By, Jake Foote
In the first presidential debate, Republican candidate Donald Trump asserted that he was "smart" for not paying federal income taxes.
This statement has raised many questions about the legality and moral viability of the practice especially since many people believe the job of enforcing federal income tax falls under the responsibilities of the president.
According to Brian Friedman, co-founder of Friedman Capital and adjunct instructor at Georgetown University, Trump is operating well within the law when not paying his federal income taxes.
"Anyone can take advantage of the tax code," said Friedman.
Entrepreneurs can often be the biggest benefactors of the way this system can be used. Friedman's example describes an entrepreneur, in this case his brother, who made an investment to start his business.

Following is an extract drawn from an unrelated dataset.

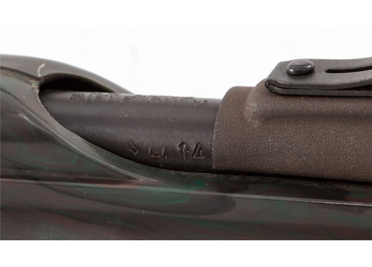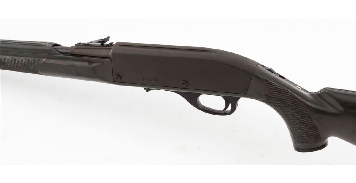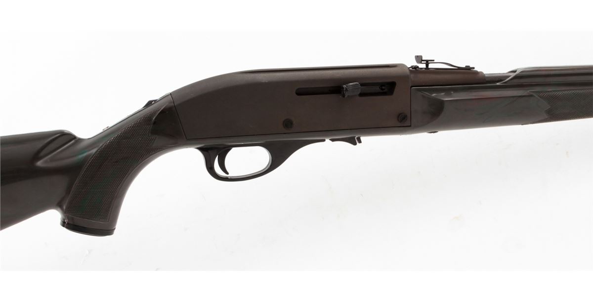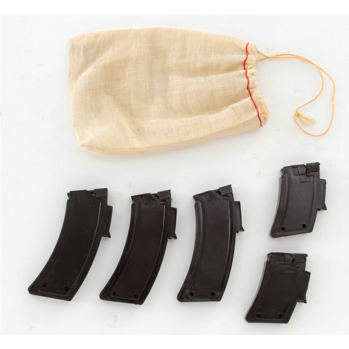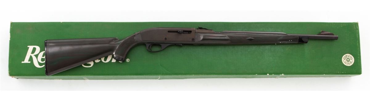 Remington Nylon Apache 77 Semi-Automatic Rifle, #A2380734, .22 LR cal., 19-5/8'' blue barrel, matte finish receiver, dark olive green Zytel plastic stock, Remington buttplate, adjustable rear sight, with three (3) ten-round and two (2) five-round magazines, and the original box with matching end label. Mfg'd 1987-1989. Condition is excellent overall, appearing near new. Stock with light marks from handling, front sight with very mild surface rust that should clean easily. Action is crisp, bore is bright. Est.: $200-$400. (Modern)
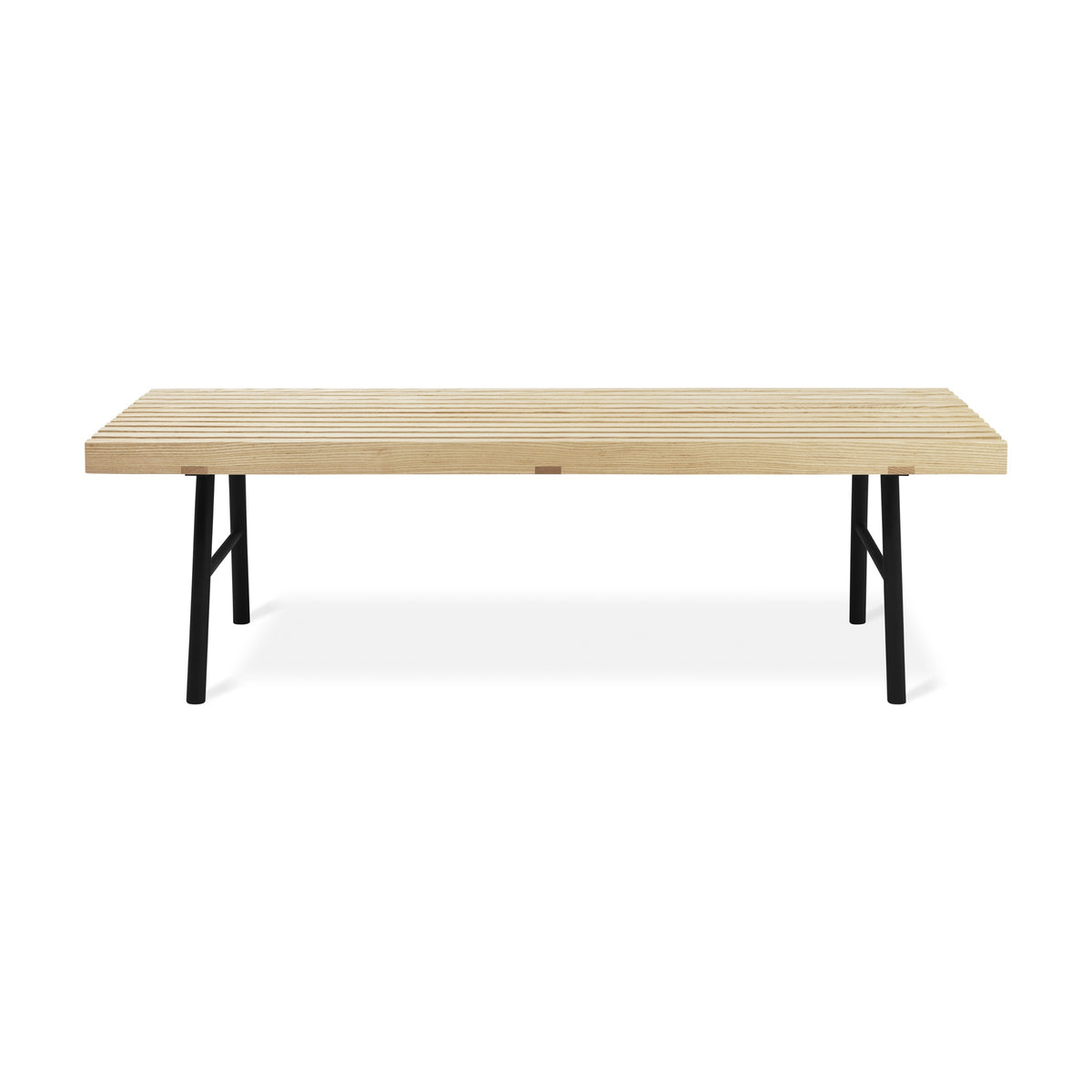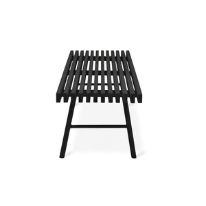 The Transit Bench is a versatile and stylish piece of furniture, perfect for a variety of uses and spaces. Its compact design makes it ideal for smaller areas like entryways or bedrooms, where seating is needed but space is limited. Alternatively, it can easily function as a unique and attractive coffee table, adding a touch of modern design to your living space. The natural beauty of the wood grain combined with the sleek steel legs creates a piece that is both functional and aesthetically pleasing.

Friedman's brother paid $20,000 for a piece of equipment to further the development of his business, but only generated $15,000 of revenue in the first year leaving the business at a $5,000 loss.
The entrepreneur is able to carry this loss forward and because they are technically in the red, they will have little to no taxes to pay.
Trump's example is on a much larger scale. His real-estate profile became worth around 10 billion dollars, but fell to bankruptcy multiple times allowing him to carry huge amounts of loss forward.
The full extent of Trump's tax abuses remains to be seen and could be further clarified by the release of more detailed tax return information.